Katar sieht Entschädigungsfonds als "Werbegag": "Wo sind die Opfer?"

FBL-WC-2022-PREPARATION
Der umstrittene Ausrichter der Fußball-WM ist gegen einen Entschädigungsfonds für auf den Baustellen getötete oder verletzte Arbeiter.

Katar hat Forderungen nach einem Entschädigungsfonds für auf den Baustellen für die Fußball-WM getötete oder verletzte Arbeiter zurückgewiesen. Der Ruf nach einem gemeinsamen Fonds Katars und des Weltverbands (FIFA) sei ein reiner "Werbe-Gag", sagte Arbeitsminister Ali bin Samich Al Marri der Nachrichtenagentur AFP.

Menschenrechtsorganisationen hatten die FIFA und Katar aufgefordert, einen Fonds in Höhe von 440 Millionen Dollar (442,34 Mio. Euro) für die Arbeitnehmer einzurichten, die während eines Einsatzes auf WM-Baustellen getötet oder verletzt worden. Die Summe entspricht den Preisgeldern für die an der Weltmeisterschaft teilnehmenden Mannschaften.

FILES-FBL-QAT-WC-2022-LABOUR-RIGHTS

Dialog mit der FIFA?

Menschenrechtsgruppen werfen Katar vor, die Gesamtzahl der Todesopfer auf den WM-Baustellen zu niedrig anzugeben bzw. geheimzuhalten. Dagegen bestreitet die Regierung nachdrücklich Berichte, wonach tausende Arbeitsmigranten bei Unfällen auf den WM-Baustellen oder durch hitzebedingte Krankheiten gestorben sind. FIFA-Präsident Gianni Infantino hatte im Jänner lediglich drei Todesfälle im Zusammenhang mit den WM-Vorbereitungen zugegeben.

Die FIFA hatte bisher angegeben, es gebe einen "laufenden Dialog" über Maßnahmen zugunsten der Bauarbeiter. Marri sagte dazu, der Plan lasse sich nicht umsetzen. "Jeder Tod ist eine Tragödie", sagte der Minister, fügte aber zugleich hinzu, es fehlten Kriterien zur Einrichtung des Fonds: "Wo sind die Opfer? Haben Sie die Namen der Opfer? Wie kommen Sie an diese Zahlen?", sagte Marri. Gleichzeitig versicherte der Arbeitsminister, die Tür sei "offen". Katar habe bereits "viele Fälle bearbeitet und gelöst".

"Wir fordern Überblick"

"Der Betrag über 440 Millionen Dollar rechnet sich nicht aus den Geschädigten", sagt Sandra Iyke von Amnesty Austria dem KURIER, "sondern aus den Preisgeldern. Es ist auch eine unserer Forderungen, einen Überblick zu erhalten, wie viele Leute von den unterschiedlichen Menschenrechtsverletzungen betroffen sind", erklärt sie die Forderung der Menschenrechtsorganisationen, der sich Fußballverbände und große Firmen bereits angeschlossen haben.
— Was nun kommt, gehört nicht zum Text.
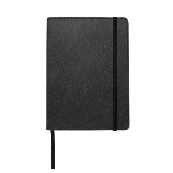 Libreta con 70 hojas de raya fabricada con piel reciclada. Incluye separador de hojas y elástico para cerrar.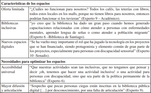 Los expertos describen que existen determinados espacios que no cumplen con la función de fomentar la lectura para las personas con discapacidad, ya sea por temas de accesibilidad en la infraestructura o en la oferta limitada que tienen en los materiales de lectura. Estos espacios que están pensados con la única finalidad de fomentar la lectura, no son realmente inclusivos, debido a una conceptualización restringida de lo que es leer. No obstante, se reconocen ciertos progresos en los espacios que logran ser inclusivos para toda la diversidad -y no solo para las personas con discapacidad-, y ejemplo ello son las bibliotecas que se han adjudicado el sello inclusivo2.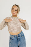 - mocha + cream // mock neck, lettuce hem, slightly cropped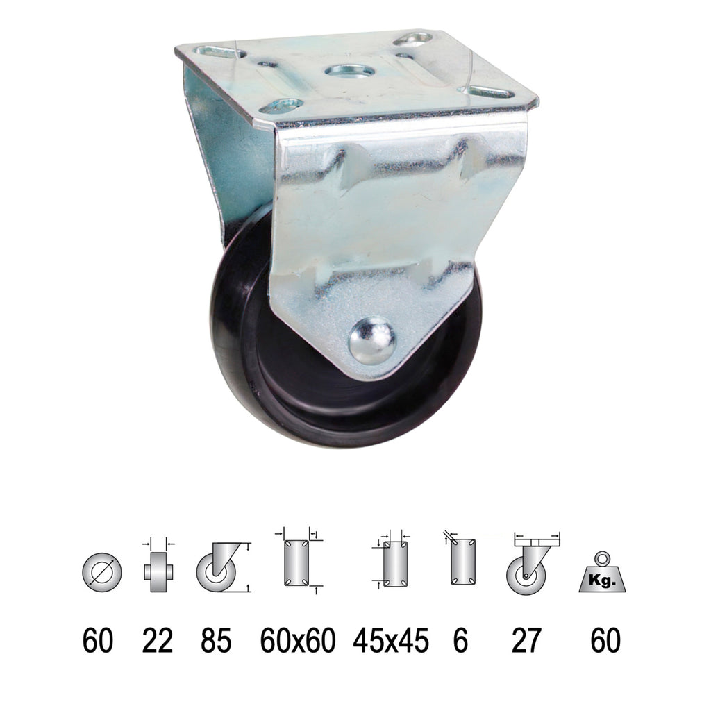 Rueda Domestica Poliamida Negra.Fija 60 mm.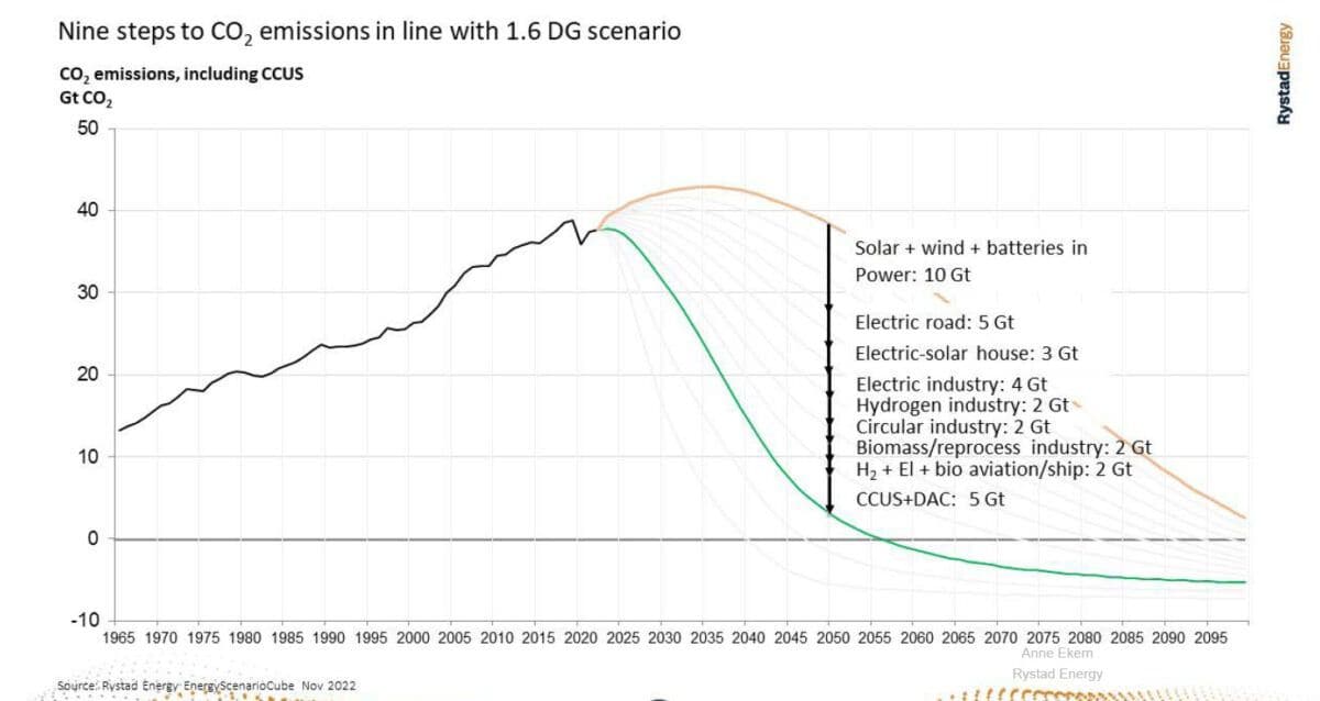 Et blikk på CO₂-scenarioet for 1,6 grader viser hva Rystad Energy mener skal til for å klare de reduksjonene i utslipp som trengs mellom nå og 2050, sammenlignet med et scenario for 2,5 grader (se figur). I 2050 dreier det seg om en forskjell i utslipp på 35 milliarder tonn (Gt) CO₂.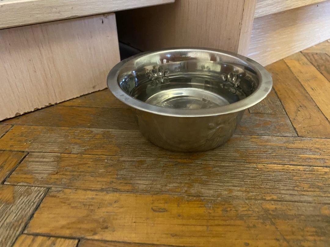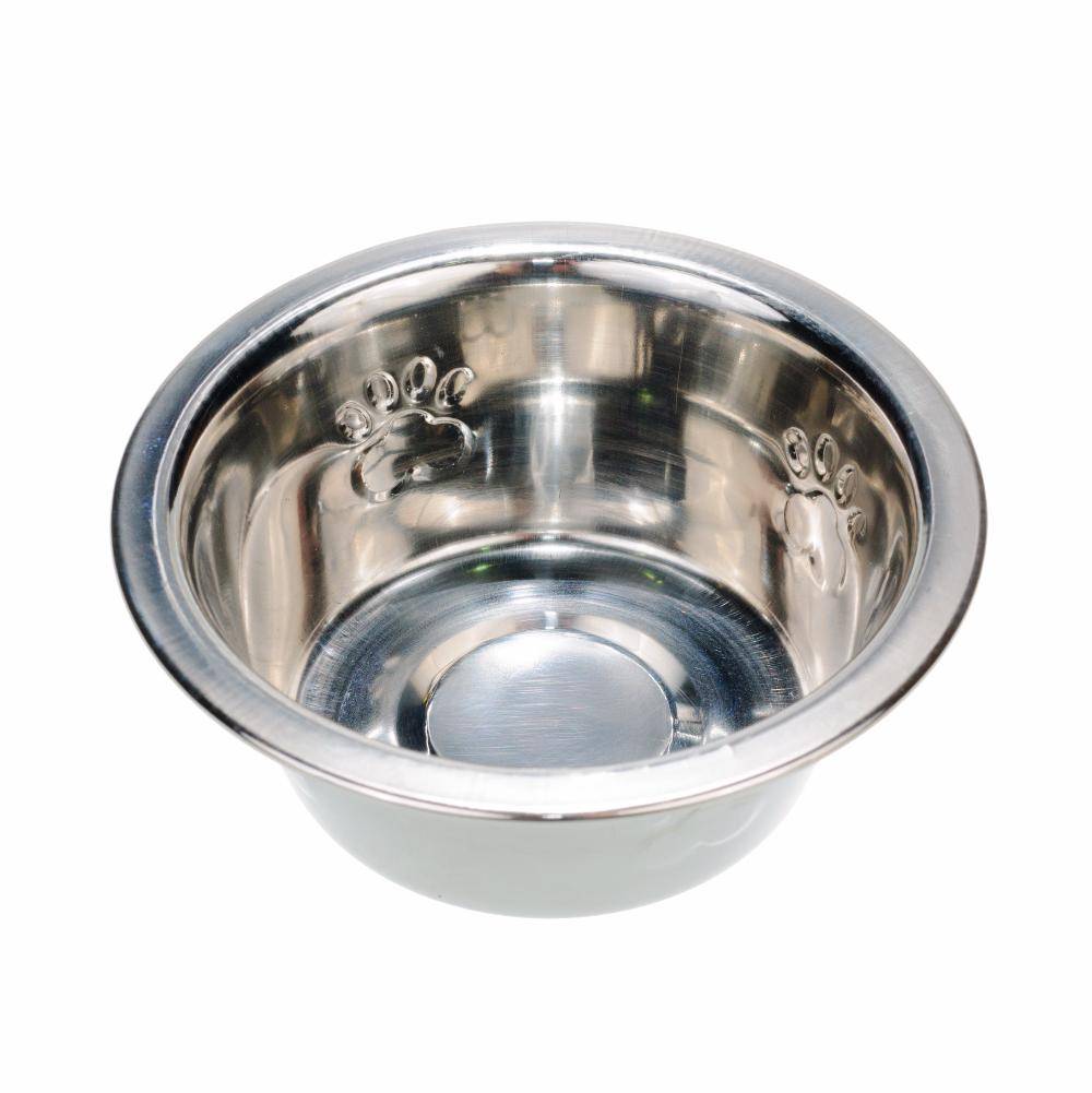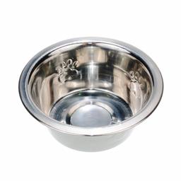 - Миска декорирована стильной гравировкой в виде животных следов, а звонкий металл всегда сообщит о том, что вашему питомцу пора подкрепиться.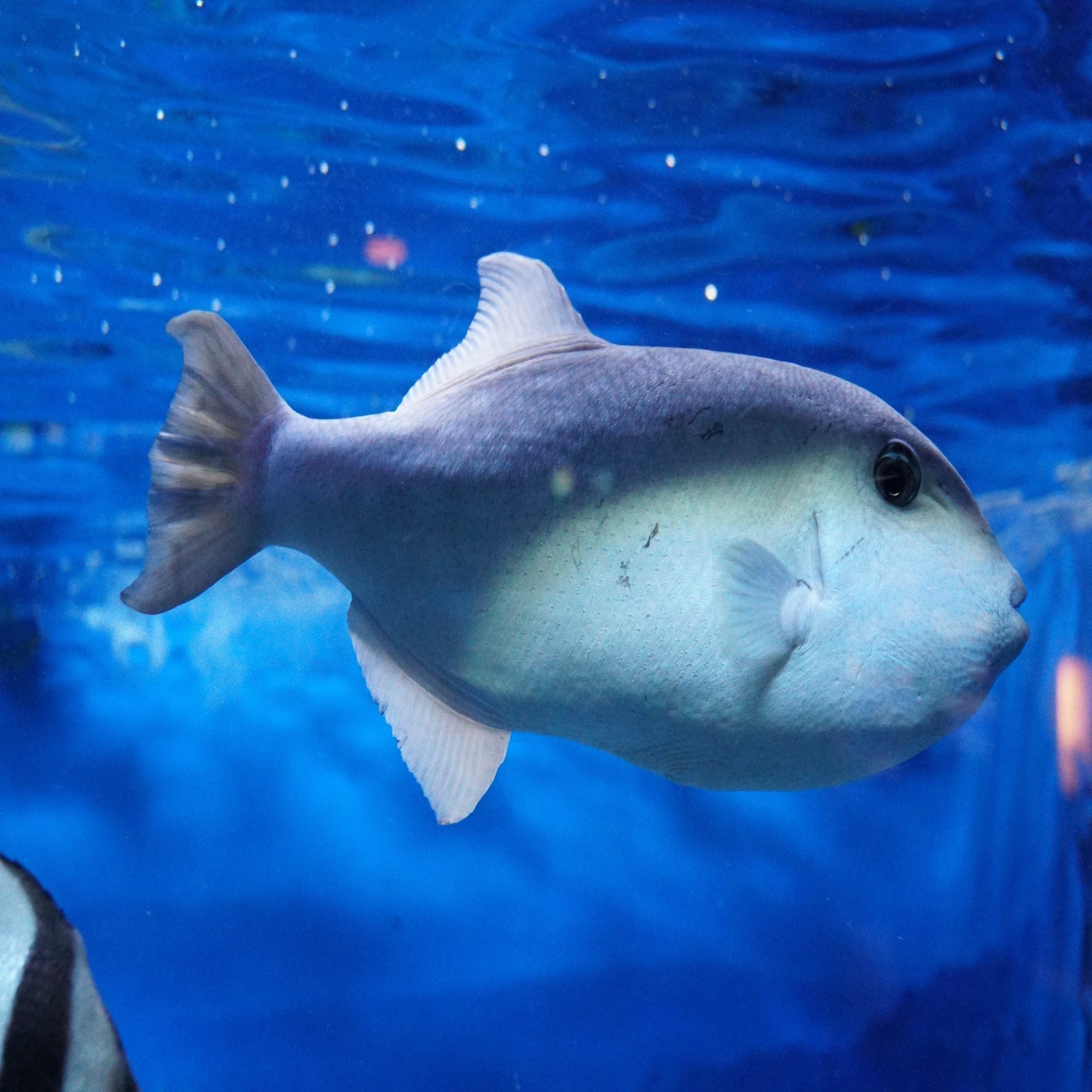おや、アミモンガラ。顔付きと泳ぎかたがマンボウによく似ていて、マンボウがフグの仲間であることを実感させてくれる魚です。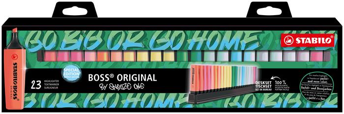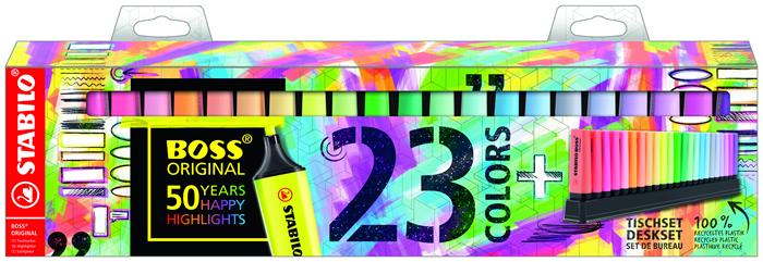 Zvýrazňovač, sada, 2-5 mm, STABILO "Boss 50th Birthday" 23-kusová stolová sada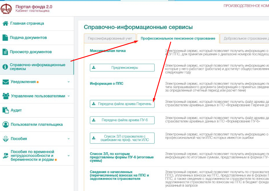 3) В пункте меню "Справочно-информационные сервисы" выбрать вкладку "Профессиональное пенсионное страхование"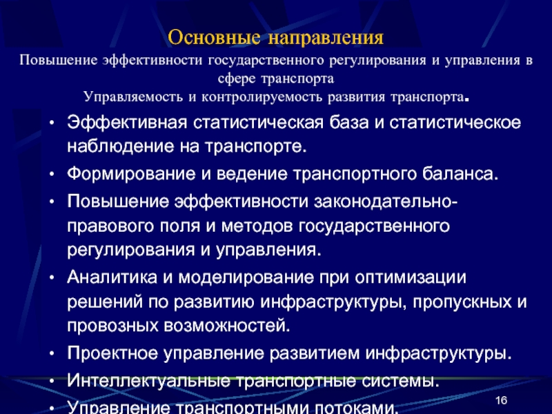 16. Развитие системы государственного управления развитием транспортной системы для увязки долгосрочного, среднесрочного и текущего планирования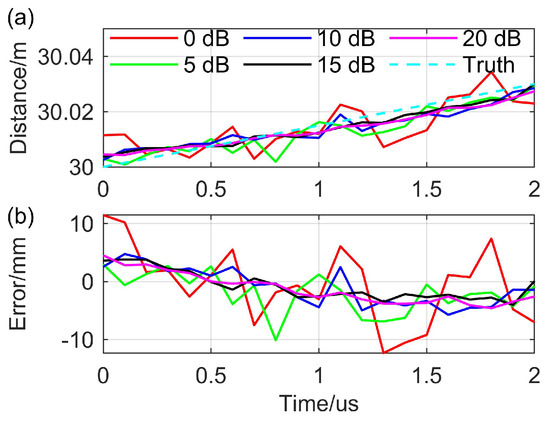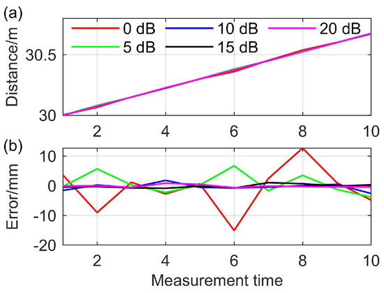 In the second set of measurements, the target was moved at a constant velocity (10 m/s), but was located at different positions (30–30.675 m, with a 0.075 m interval). The correlation peak was located by the fourth-order polynomial method [7] and the spectrum peak was located by zero-filling FFT (100-fold subdivision). The simulation results are shown in Figure 11. The peak-to-peak value of the measurement error was about ±10 mm at 0 dB SNR, and ±1 mm at 20 dB SNR.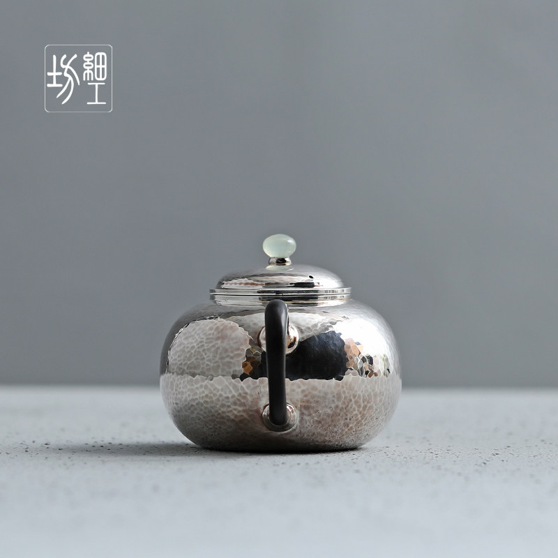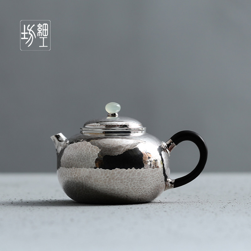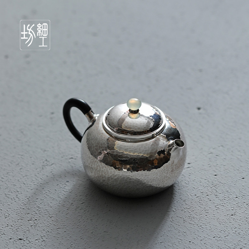 Fine Works Workshop Pure Silver 9999 Burnt Kettle Teapot Pure Artisanal One Play Craft Japan Little Silver Pot Teapot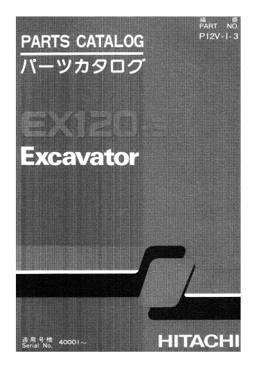 The HITACHI EX120-3 PARTS MANUAL (EX120-3P12V-1-3_SERIALNO40001~) is an indispensable resource for technicians and operators of Hitachi EX120-3 excavators. This comprehensive manual provides detailed diagrams, precise technical specifications, and step-by-step maintenance procedures for every part of the machine. Ensure optimal performance and extend the lifespan of your Hitachi EX120-3 with this essential guide. It facilitates easy component identification, understanding their function, and accurately replacing worn or damaged parts. Prevent costly repairs and downtime by proactively addressing common issues like premature component wear and hydraulic leaks. The manual offers precise instructions for identifying and rectifying these problems, ensuring your excavator operates efficiently and safely. We recommend a thorough reading of the manual to fully understand your machine and its components. Pay close attention to preventive maintenance procedures, lubrication techniques, and the importance of using genuine Hitachi parts for optimal results. This manual is critical for the effective maintenance and repair of the Hitachi EX120-3, a model widely used in construction, mining, and other earthmoving operations.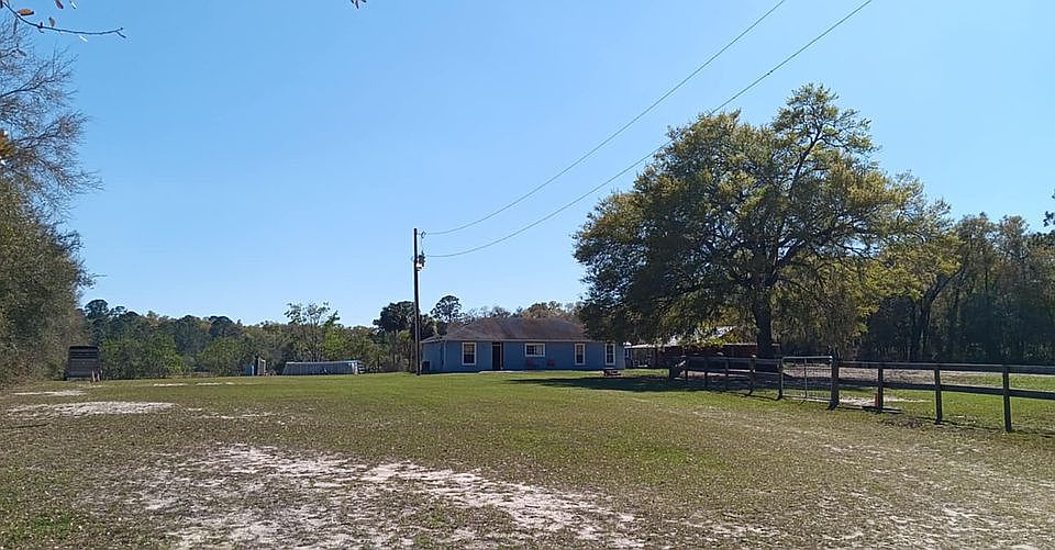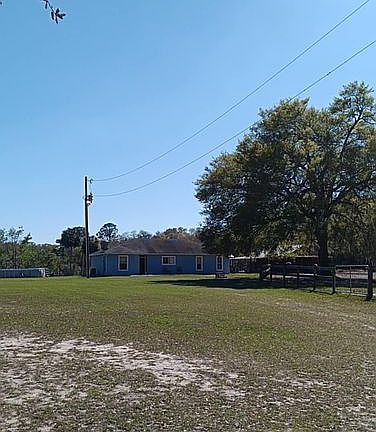 This block built 3/2 home with hurricane windows on 10 peaceful acres is a safe and secure place to bring your horses and to allow your dogs to run! The property is completely fenced, with 3 grass pastures, the barn has a new metal roof, 4 outdoor gaited feed pens with easy access to running water, a new grain, hay and tack shed. There is new outdoor lighting that allows you to see your horses at night. The property is high and dry. This property is within 1 hour of Orlando and the attractions. The beaches are 40 miles East and The Orlando International and Sandford airports, are an hour or less away. Ocala, The horse capital of the world, is just 50 miles North. The property is located on the edge of the Ocala forest for hiking, biking and riding trails, as well as many springs to enjoy year round. Popular Equine facilities include Rocking Horse, Black Horse, Silver Sands Bridle Club are easy access within 30-60 minutes, and the World Equestrian Center, Florida Horse Park and HITS are just a short trip away. There are excellent Farriers, Equine Vets and a multitude of trainers in the area. The 3 bedroom home has newer floors, freshly painted interior, new refrigerator, comes with washer and dryer, and the AC and well have been well maintained, the pressure tank is new. The drain field has been replace in September, 2024. There is a sitting patio on both the front and the back of the house, and a breezy covered area to relax and entertain under the barn, that includes the most beautiful view to the back of the property. There is an above ground pool with a newer pump.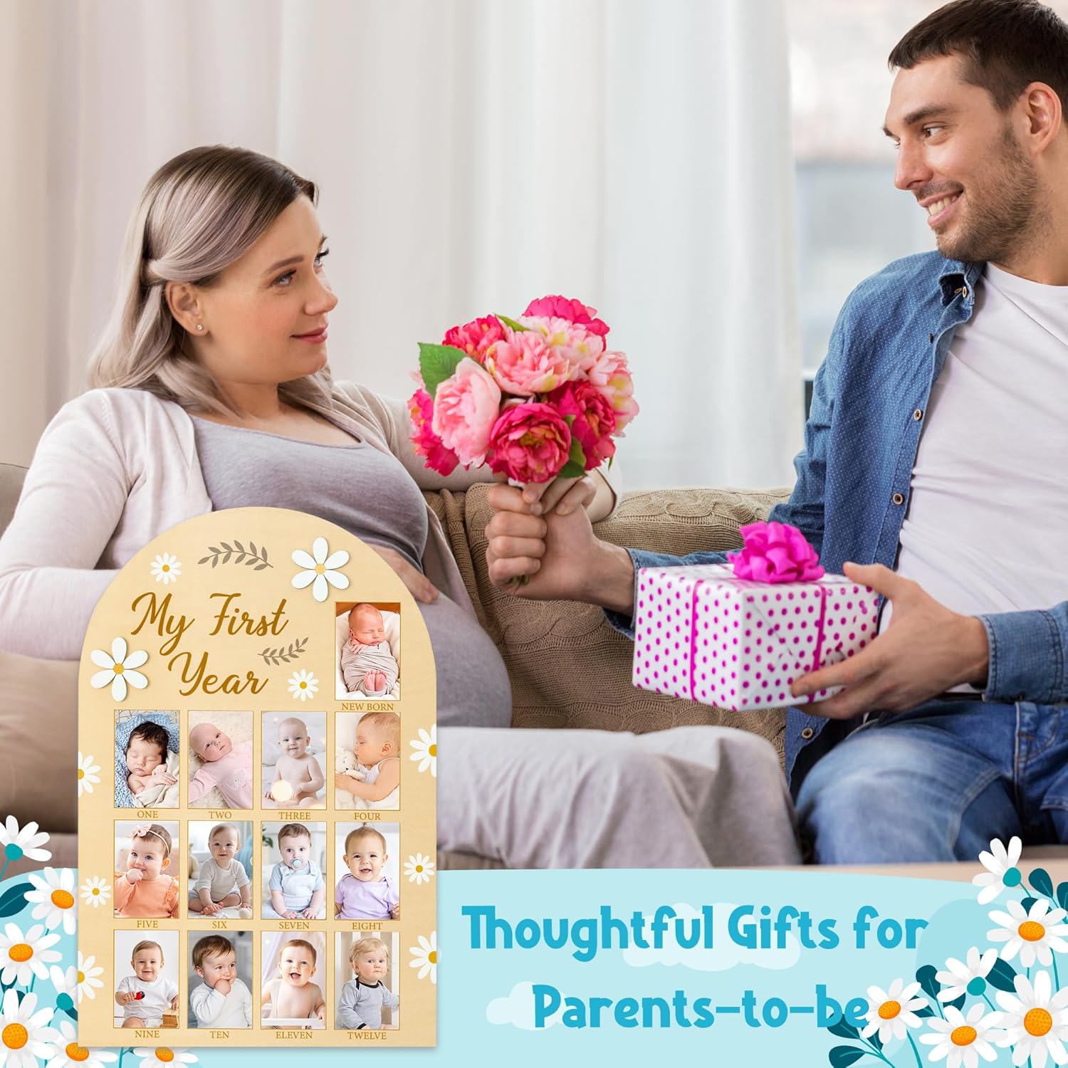 Gift for Parents-to-be: Give this newborn photo wooden board to new parents as an ideal gift choice for a baby shower, baby boy girl first year party, birthday party, Christmas and various other occasions. Decorate your nursery or baby’s birthday party with a priceless piece of their first year.

Dass es keine offiziellen Zahlen oder gar Namen von Opfern gibt, wie die Regierung von Katar jetzt kritisiert, dürfte jedenfalls ein Versäumnis der Veranstalter sein und nicht der Menschenrechtsorganisationen.

FILES-FBL-WC-2022-QATAR-NEPAL-LABOUR-RIGHTS

Aufregung um Werbespot

Währenddessen hat die niederländische Supermarktkette Jumbo hat nach heftiger Kritik von Menschenrechtsorganisationen einen TV-Werbespot für WM-Fanartikel zurückgezogen. Im Spot waren feiernde, auf einem Gerüst die Polonaise tanzende Bauarbeiter zu sehen. Menschenrechtsorganisationen wie Amnesty International und Human Rights Watch hatten empört reagiert.

Der Konzern zog am Mittwoch den Film zurück und entschuldigte sich: "Wir verstehen jetzt, dass man in dieser Reklame einen Link sehen kann zu den erbärmlichen Arbeitsbedingungen in Katar, und das ist nie unsere Absicht gewesen." Amnesty International lobte die Entscheidung.